The proposal that Dover and Houston drafted in July recommends using data from the previous five seasons to assign a certain number of NCAA tournament bids to each league. The ACC and Big Ten would get seven. The Big 12, Big East and SEC would receive six apiece. The remaining at-large NCAA bids would go to the Pac-12, American, Atlantic 10, Mountain West and WCC.

In a revised proposal in September, Dover and Houston suggested only predetermining 62 bids and allowing the selection committee to pick six wild cards. That would restore drama to Selection Sunday and offer flexibility in case, for example, there were only five deserving teams from the SEC but an extra WCC team separated itself.
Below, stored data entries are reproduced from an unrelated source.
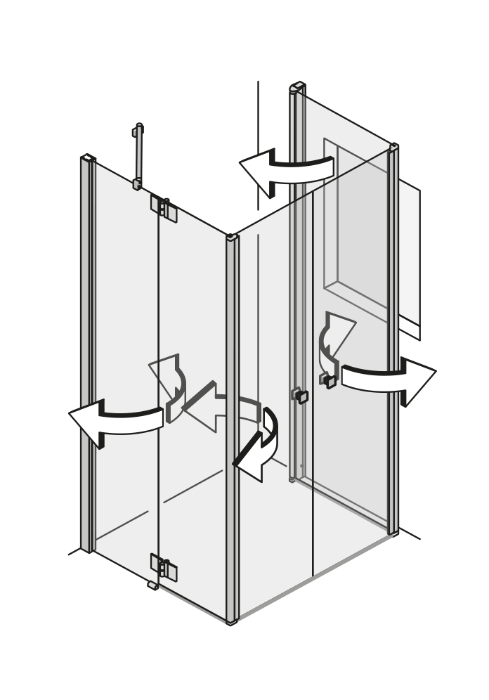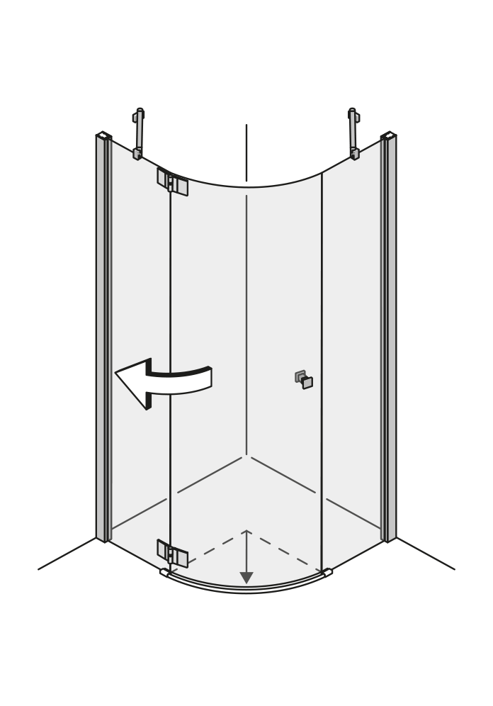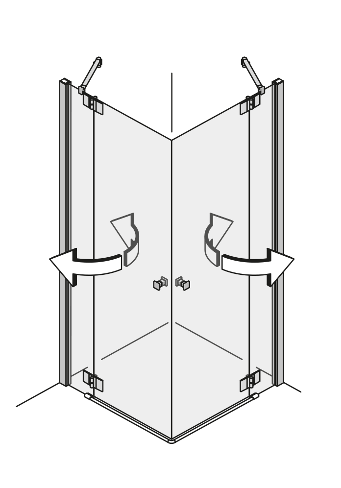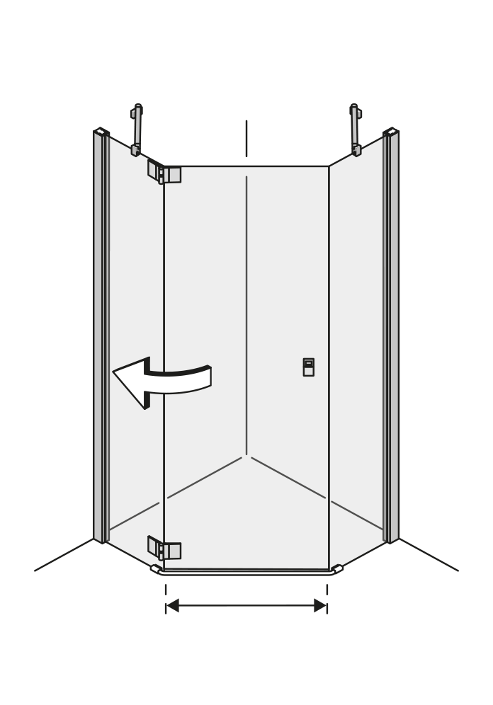 Klick auf Skizze startet Animation.Fünfeckdusche mit Flügeltür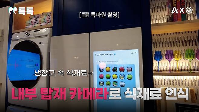 이 냉장고는 내부 카메라를 이용해 식재료를 인식하는 기능을 갖추고 있습니다.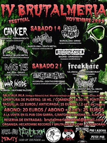 El trabajo en conjunto de Pedro (Hecatombe Records) y Mariano (BrutAlmería Corp.) cada vez se afianza más y una muestra es que el festival BrutAlmería ya va por su cuarta edición, consiguiendo que el nombre se haya hecho más conocido en el circuito underground de Metal Extremo en nuestro país. Los que llevamos asistiendo al festival desde sus comienzos bien que nos alegramos enormemente.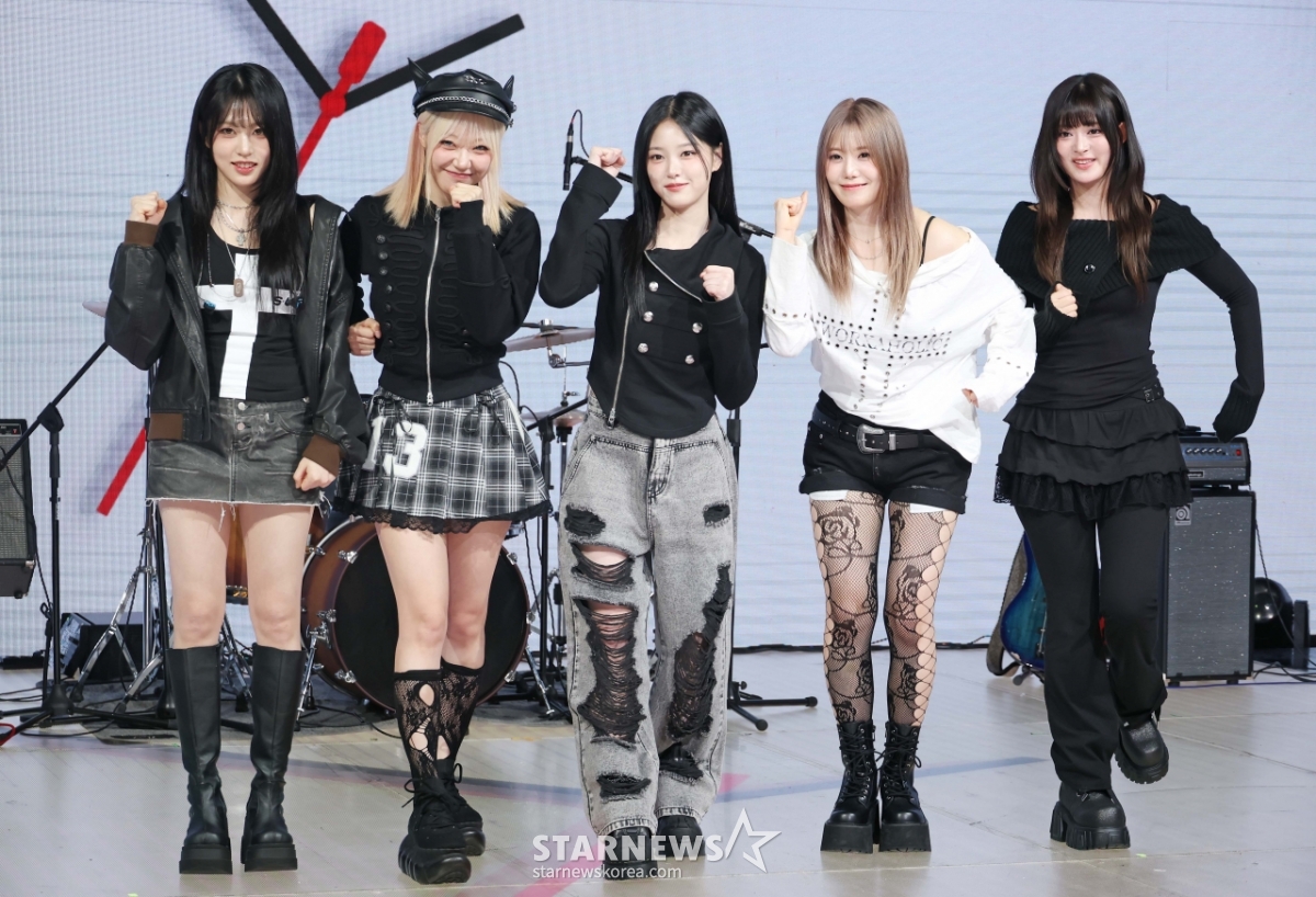 Группа LATENCY позирует на витрине в честь выхода своего первого мини-альбома "LATEO'CLOCK", который состоялся в Shocking K-pop Center в Сангам-дон, Мапо-гу, Сеул, во второй половине дня 18-го числа.

Coaches and administrators appreciated that the format solved some potential issues and made for exciting regular season races, but there was one common, eye-roll-inducing complaint. The majority of the people that Dover and Houston talked to insisted that their league did not receive enough bids in the formula.

“The Big 12 [which has 10 teams] would take 11 bids if you’d give it to them,” Dover joked.

Just as the proposal from Dover and Houston has so far failed to gain any significant traction with the NCAA, so too has an idea ACC coaches presented en masse a couple months ago. They pushed for an expanded 2021 NCAA tournament that would include all 350 Division I teams, an idea that would further render the regular season irrelevant but would also give every program a fair shot at competing for a championship.

“The people who run the NCAA tournament did not ask how that would work or what that would entail,” Miami coach Jim Larranaga said. “They basically closed their ears to the suggestion. They’re continuing to believe that we can have a functional season and that the selection committee will be able to make good decisions and put together a good field.”

As the season approaches and the pandemic intensifies, some coaches remain concerned that a fair and equitable NCAA tournament won’t be possible without some major tweaks. Rick Pitino, back in the college game at Iona, led the push with a series of tweets lambasting the NCAA’s 14-day quarantine guidelines and calling for conference-only schedules.

“Save the Season. Move the start back,” Pitino wrote. “Play league schedule and have May Madness. Spiking and protocols make it impossible to play right now.”

Other coaches don’t have the luxury of worrying about how to salvage the season at the moment. Weir is just hoping University of New Mexico administrators find enough money to relocate his team somewhere that the Lobos can resume practice.

“Not playing basketball in the state of New Mexico is Un-New Mexican just like not playing in the Pit would feel the same way,” Weir said. “But this virus and our society and communities have a lot of things to think about. We’re all kind of at that mercy.”